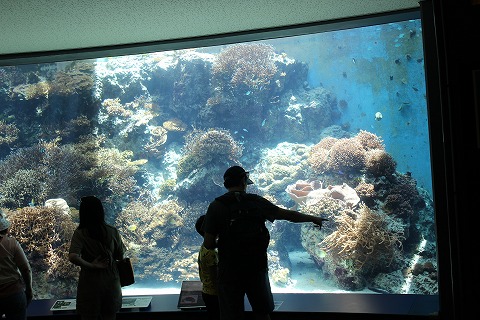 11:55 巨大水槽に ようやくジンベエザメのいる巨大水槽までやってきました。 巨大。 容量は7,500m3あるそうで、深さが10m、幅35m、奥行き27mの大きさだそう。 正面は、ガラスではなくてアクリル製。 高さが8.2m、幅22.5mとほぼ水槽の片面がアクリルの窓で出来ています。 そして7,500t 以上ある水の圧力に耐える厚さは60cmあるそうです。 ちなみにこのアクリルパネルの総重量は135t と、ちょっとしたトリビア。(笑) |
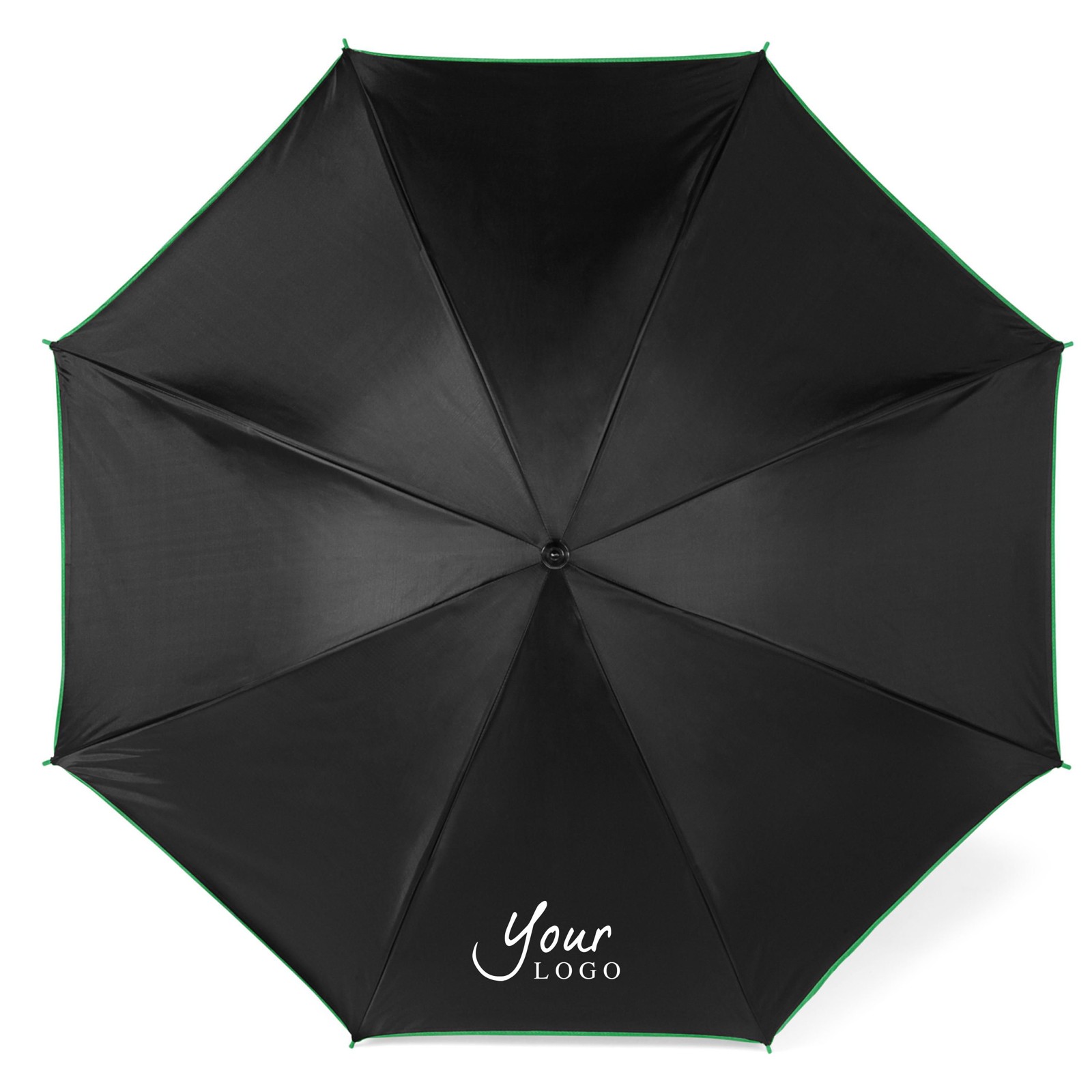 Guarda-chuva automático de poliéster 190T, punho curvo de plástico, cabo e varetas de metal, fecho em velcro.
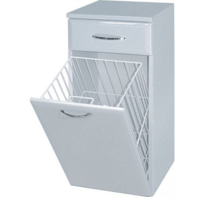 Závesná nízka kúpeľňová skrinka široká 35 cm s plnými dvierkami, jednou zásuvkou a košom na bielizeň je osadená celokovovými lesklými úchytkami K.
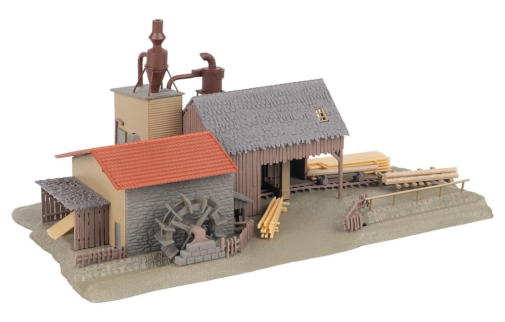 Dieses liebevoll gestaltete Sägewerk besticht durch zahlreiche feine Details und ein authentisches rustikales Erscheinungsbild. Das Wasserrad kann durch den Einbau des Motors (Art. 180629) angetrieben werden, wobei der Einbau nur während der Montage des Bausatzes möglich ist. Bitte beachten: Der Motor ist nicht im Lieferumfang enthalten.
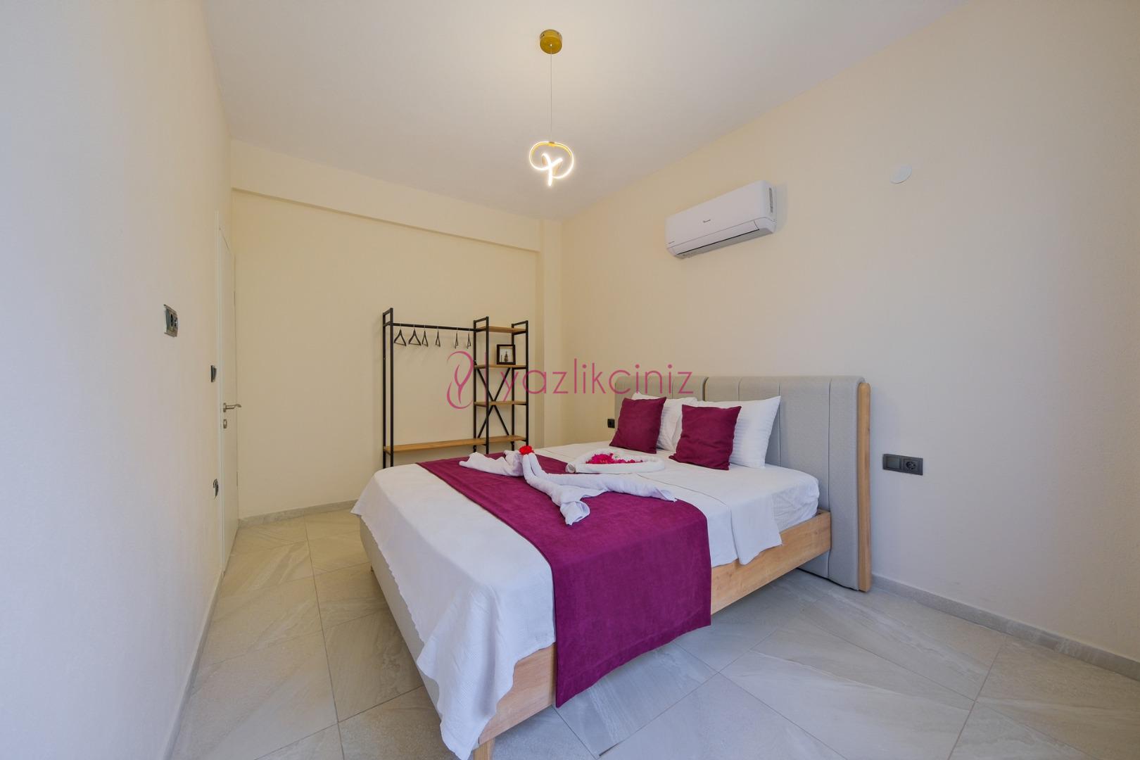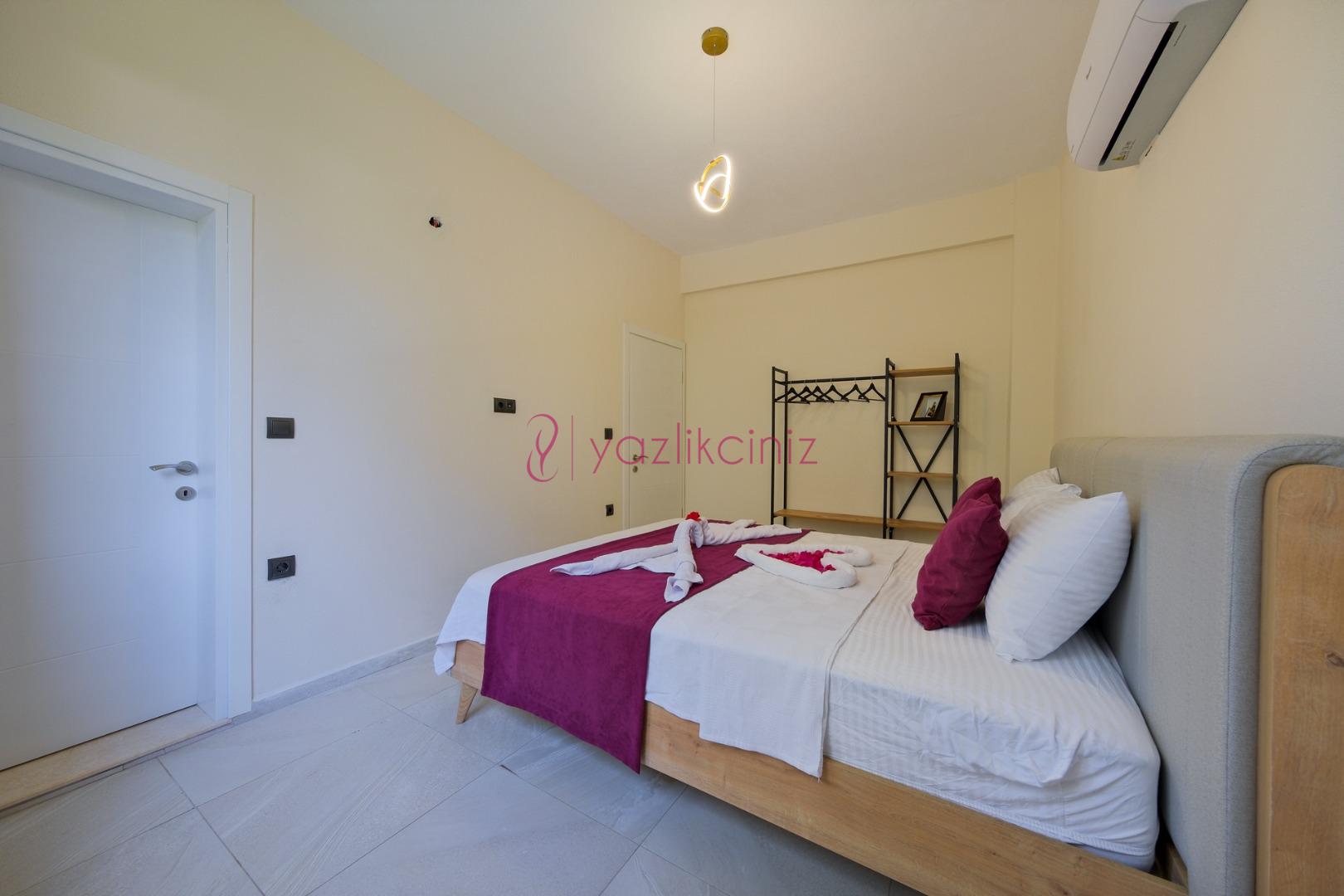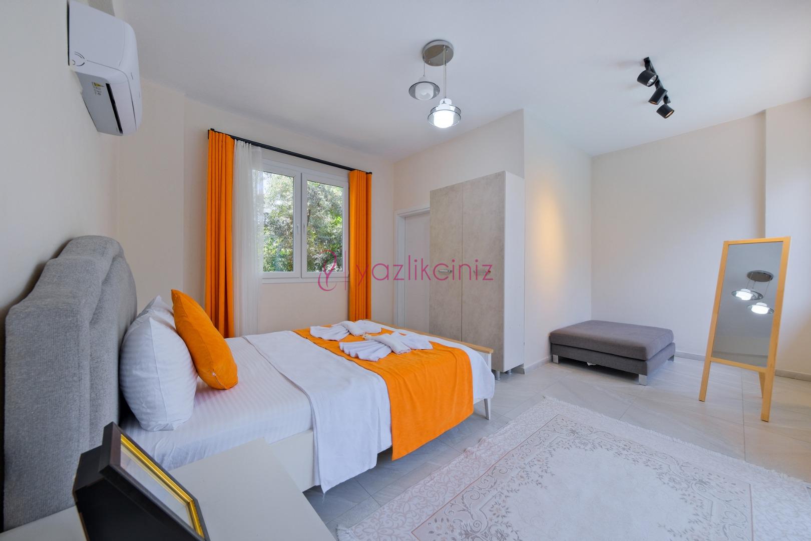 Yatak odası 1: Çift kişilik yatak, klima, komodin, elbise dolabı , makyaj masası, sauna banyo ve tuvalet bulunmaktadır.

######

__About this exercise__: Give back exactly the lines from the opening of the listing through the line holding "Guarda-chuva automático de", both ends included, with every picture omitted.

__Reply to the task__:
 11:55 巨大水槽に ようやくジンベエザメのいる巨大水槽までやってきました。 巨大。 容量は7,500m3あるそうで、深さが10m、幅35m、奥行き27mの大きさだそう。 正面は、ガラスではなくてアクリル製。 高さが8.2m、幅22.5mとほぼ水槽の片面がアクリルの窓で出来ています。 そして7,500t 以上ある水の圧力に耐える厚さは60cmあるそうです。 ちなみにこのアクリルパネルの総重量は135t と、ちょっとしたトリビア。(笑) |
 Guarda-chuva automático de poliéster 190T, punho curvo de plástico, cabo e varetas de metal, fecho em velcro.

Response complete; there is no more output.